What would be the odds, and how would they be calculated if you had 13 spectators each select a card, and all 13 of them were from the same suit?

Assuming you mean a 52 card standard deck:

This is 13/52*12/51*11/50*...*1/40. Probability = 1.211361171114698E-12.

Of course this is the probability, not the odds, but its easy from there when you check a book out of your local library.

Sorry, I haven't time to give you a better explanation, I'm sure someone more patient will.

M

Chop off the first factor (13/52 = 1/4) and you've got it.
Remember: Suit was not specified.

Stan Alger

I would have to disagree with that assumption. There has to be specific odds that 13 spectators would each and only select all 13 cards of one suit.

No, Stanalger's right. What is mean by this statement, is that the probability doesn't matter on the first card, since you don't care which suit is chosen (only that all of them are the same after that). So my calculation gives you the probability of choosing a specific suit, say spades, while knocking off the first fraction gives you the probability of choosing all 13 of the same (any) suit. I should know better than to answer maths questions just before bed.

So by that reasoning, we have a new answer:

Probability = 3.820446770438662E-12

There you go.

M

Hi,

my PC says 12/51*11/50....*1/40 = 6.299E-12

but it doesn't really matter, 1 magician -assuming he needs 1 minute for the trick- has to work for more than 300,000 years (whitout a single coffeebreak!) to find it happening once...

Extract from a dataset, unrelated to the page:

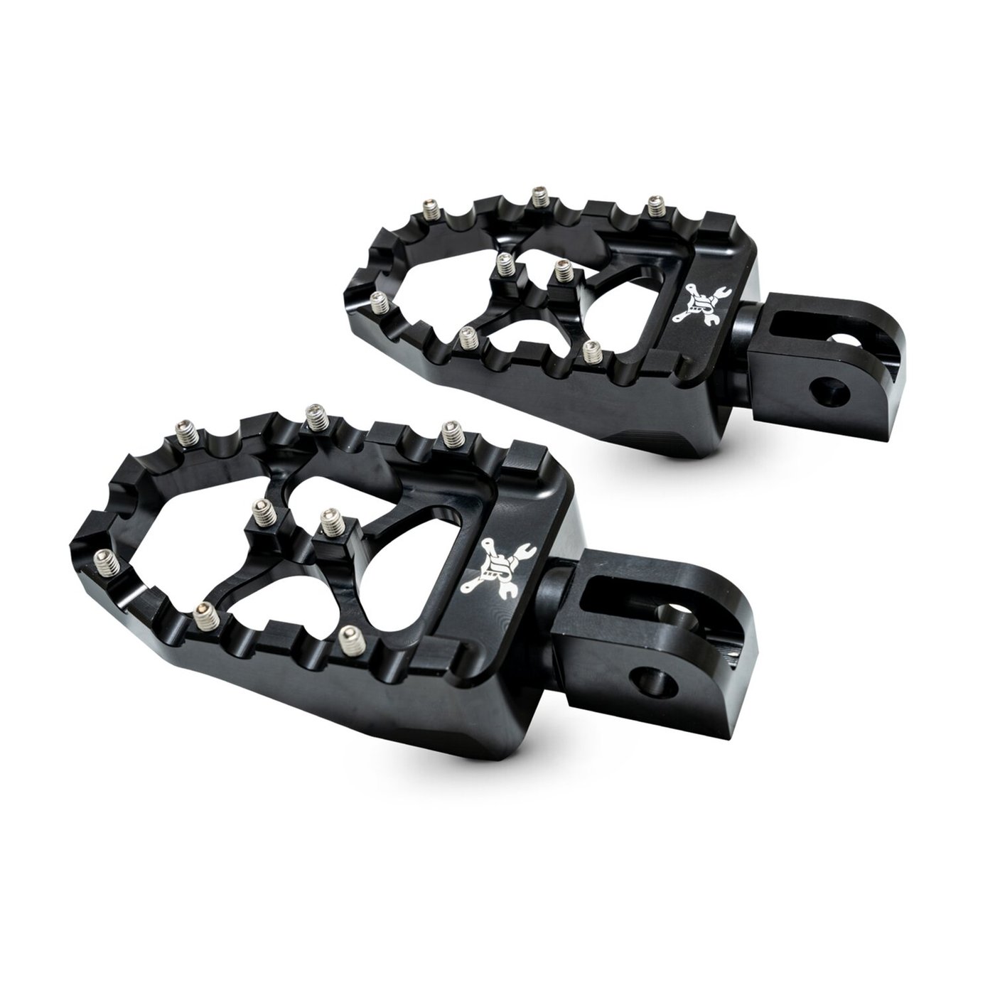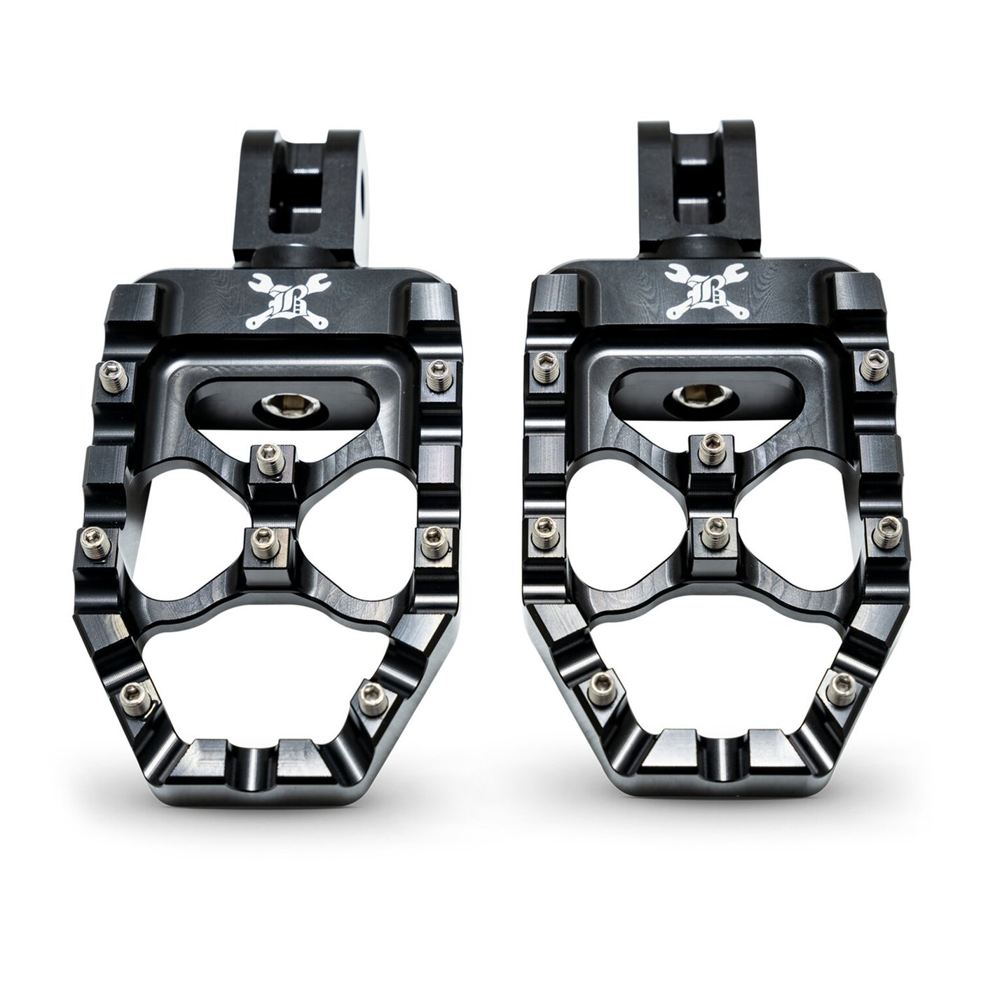 – Satin black powder coated steel – Square-shaped for a modern twist on the classic motocross aesthetic – Etched with the iconic Burly Brand logo for a distinctive look – Crafted from lightweight, high-quality aluminum alloy for optimal performance – CNC machined to precision, ensuring durability and a sleek finish – Adjustable clevis system for personalized positioning – Set screws provide secure foot-traction for various riding styles, on or off road. Note: See 997500 for matching rider foot pegs.

On the other hand: try, maybe it's tomorrow!

Heinz

You want odds? I'll give you odds.
The odds AGAINST all 13 cards being of the same suit are
158,753,389,899 to 1.

(I agree with Heinz Weber's figure for the probability of all 13 being of the
same suit.)

Stan Alger

After checking my program for flaws (missed a card), I concur. Thanks for the correction guys, now I get:

6.299078089796431E-12

I'll let someone who got it right show you how to convert odds to probability and back again.

M

So if a presentation were set up having 13 different spectators select a card each, then revealed that they were all the same suit . . . how would you tell the spectators in laymen's terms what the odds are of all of them selecting the same suit?

Uh...have another look at the third post above this one or the one above that...I think that about wraps it up. Enjoy!